Please repeat the records below exactly, skipping any pictures.

⁂

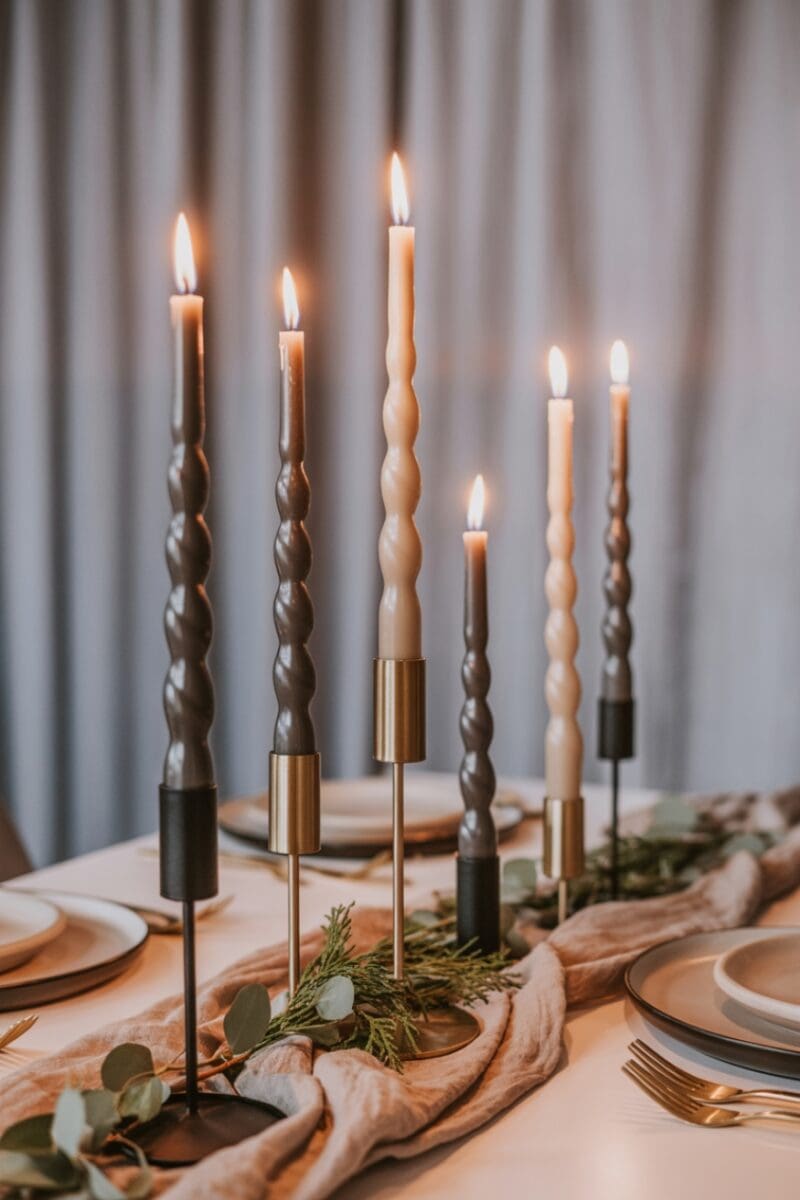 Candles are a winter essential, but you can make them modern by choosing sculptural or twisted taper candles. Place them in sleek holders — matte black, brass, or glass — and pair with a soft runner for contrast.
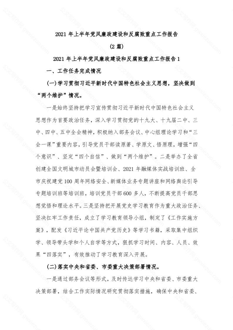 (2篇)2021年上半年党风廉政建设和反腐败重点工作报告
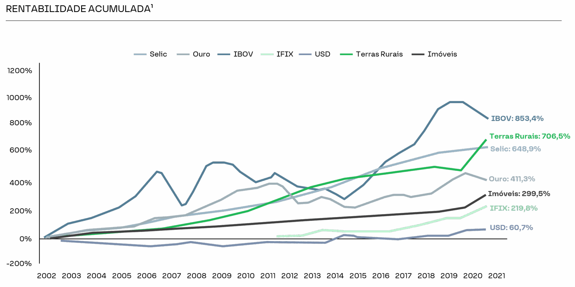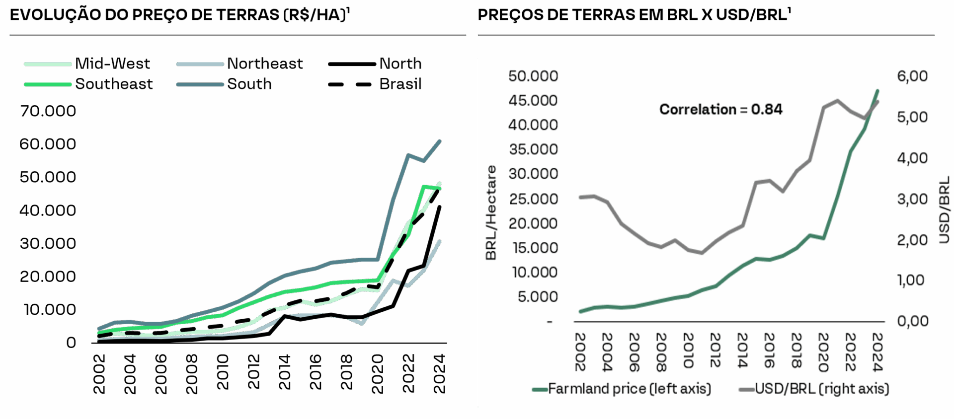 Hedge natural: no Brasil, historicamente, as terras funcionam como um hedge natural frente à valorização do dólar sobre o real. Apesar de não oferecerem a mesma liquidez de outros ativos financeiros, as terras são bens tangíveis, de oferta restrita e alto valor intrínseco, apresentando ao longo do tempo uma trajetória relevante de valorização.
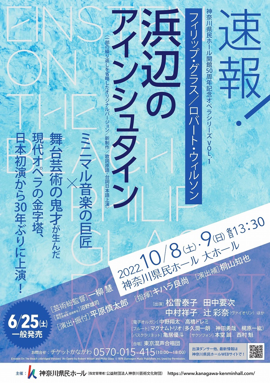 1975年の開館した神奈川県民ホール。これまで多彩なオペラ上演を続けてきたが、この度、日本を代表する作曲家・ピアニストである一柳慧芸術総監督のもと、2025年の開館50周年を記念して、そこに至るまでの3年間、毎年様々なテーマで革新的な舞台芸術を創造発信する「開館50周年記念オペラシリーズ」を開始する。そして、第1弾となる2022年の公演では、音楽+舞踊をテーマに、オペラ『浜辺のアインシュタイン』を新制作する。
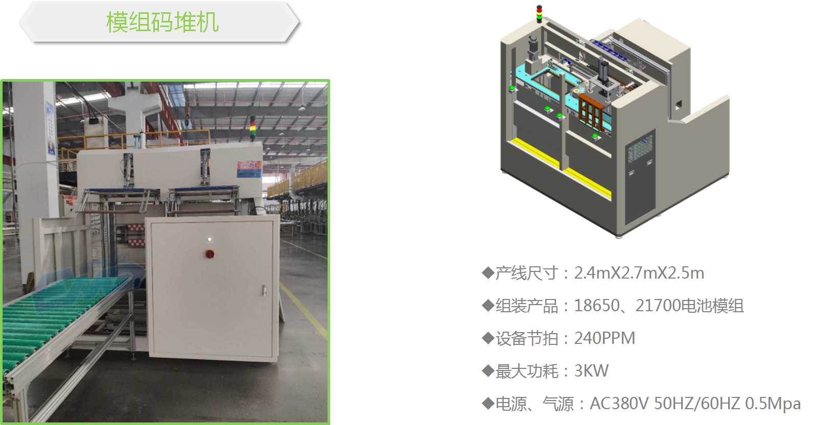 - 电芯模组码堆机是将不同的模块组合成一个完整模组的一体化双工位工作站。
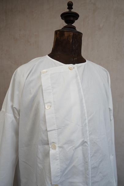 cir.1930’s white cotton shirt “side button”

⁂

**Output for this task**.
 Candles are a winter essential, but you can make them modern by choosing sculptural or twisted taper candles. Place them in sleek holders — matte black, brass, or glass — and pair with a soft runner for contrast.
 (2篇)2021年上半年党风廉政建设和反腐败重点工作报告
 Hedge natural: no Brasil, historicamente, as terras funcionam como um hedge natural frente à valorização do dólar sobre o real. Apesar de não oferecerem a mesma liquidez de outros ativos financeiros, as terras são bens tangíveis, de oferta restrita e alto valor intrínseco, apresentando ao longo do tempo uma trajetória relevante de valorização.
 1975年の開館した神奈川県民ホール。これまで多彩なオペラ上演を続けてきたが、この度、日本を代表する作曲家・ピアニストである一柳慧芸術総監督のもと、2025年の開館50周年を記念して、そこに至るまでの3年間、毎年様々なテーマで革新的な舞台芸術を創造発信する「開館50周年記念オペラシリーズ」を開始する。そして、第1弾となる2022年の公演では、音楽+舞踊をテーマに、オペラ『浜辺のアインシュタイン』を新制作する。
 - 电芯模组码堆机是将不同的模块组合成一个完整模组的一体化双工位工作站。
 cir.1930’s white cotton shirt “side button”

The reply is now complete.